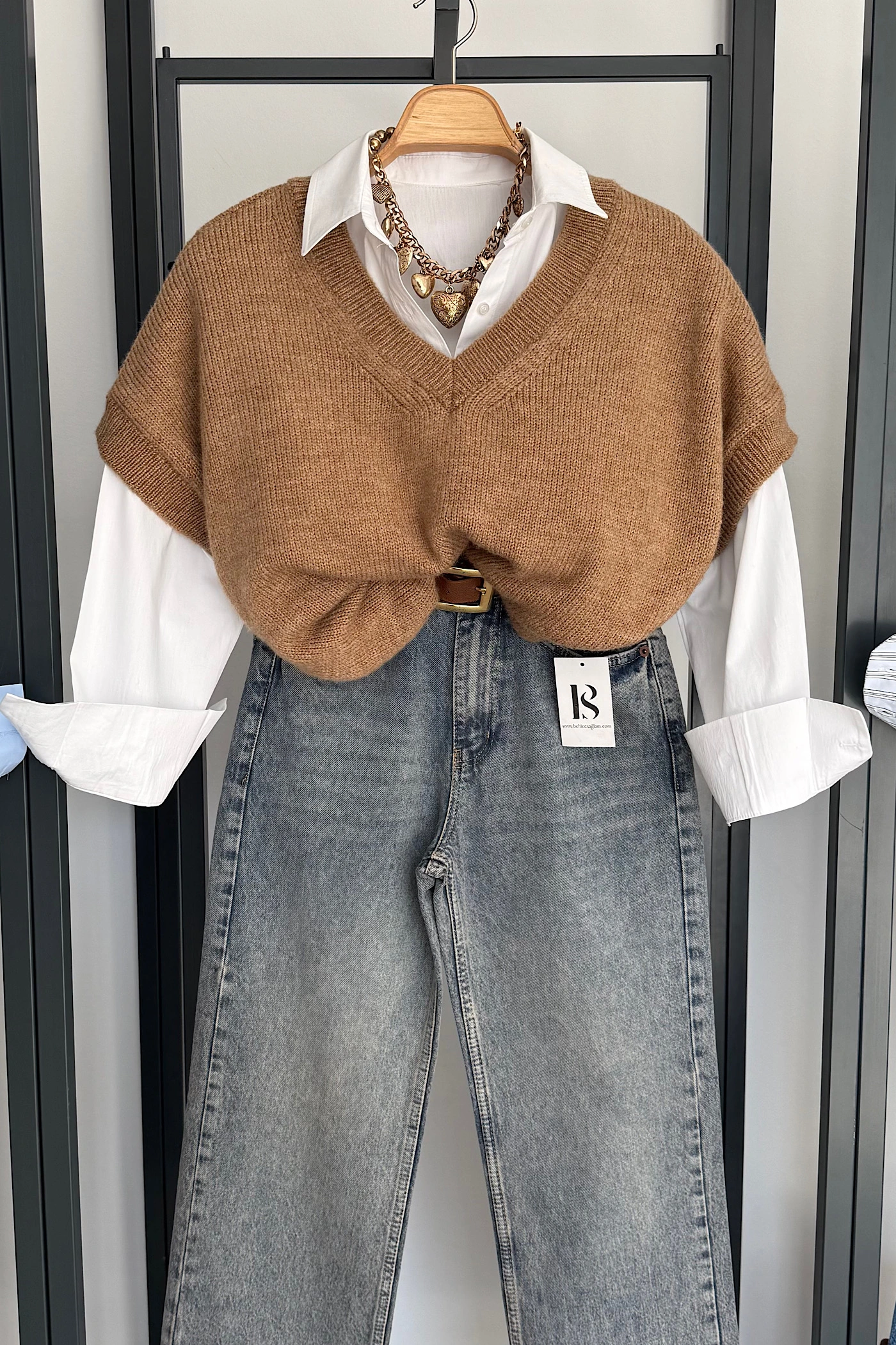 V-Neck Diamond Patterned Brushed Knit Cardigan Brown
---
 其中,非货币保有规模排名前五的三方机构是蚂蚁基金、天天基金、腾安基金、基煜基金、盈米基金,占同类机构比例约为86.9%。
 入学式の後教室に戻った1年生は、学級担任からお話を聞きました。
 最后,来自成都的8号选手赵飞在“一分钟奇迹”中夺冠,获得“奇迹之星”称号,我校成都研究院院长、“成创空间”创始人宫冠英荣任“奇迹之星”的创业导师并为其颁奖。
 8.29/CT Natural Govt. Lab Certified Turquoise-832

#### [TASK GOAL]
Look above for the line with "入学式の後教室に戻った1年生は、学級担任からお話を聞きました。" and the line with "8.29/CT Natural Govt.". Write out those two lines and all the lines between them, exactly, and no others.

#### [EXERCISE SOLUTION]
 入学式の後教室に戻った1年生は、学級担任からお話を聞きました。
 最后,来自成都的8号选手赵飞在“一分钟奇迹”中夺冠,获得“奇迹之星”称号,我校成都研究院院长、“成创空间”创始人宫冠英荣任“奇迹之星”的创业导师并为其颁奖。
 8.29/CT Natural Govt. Lab Certified Turquoise-832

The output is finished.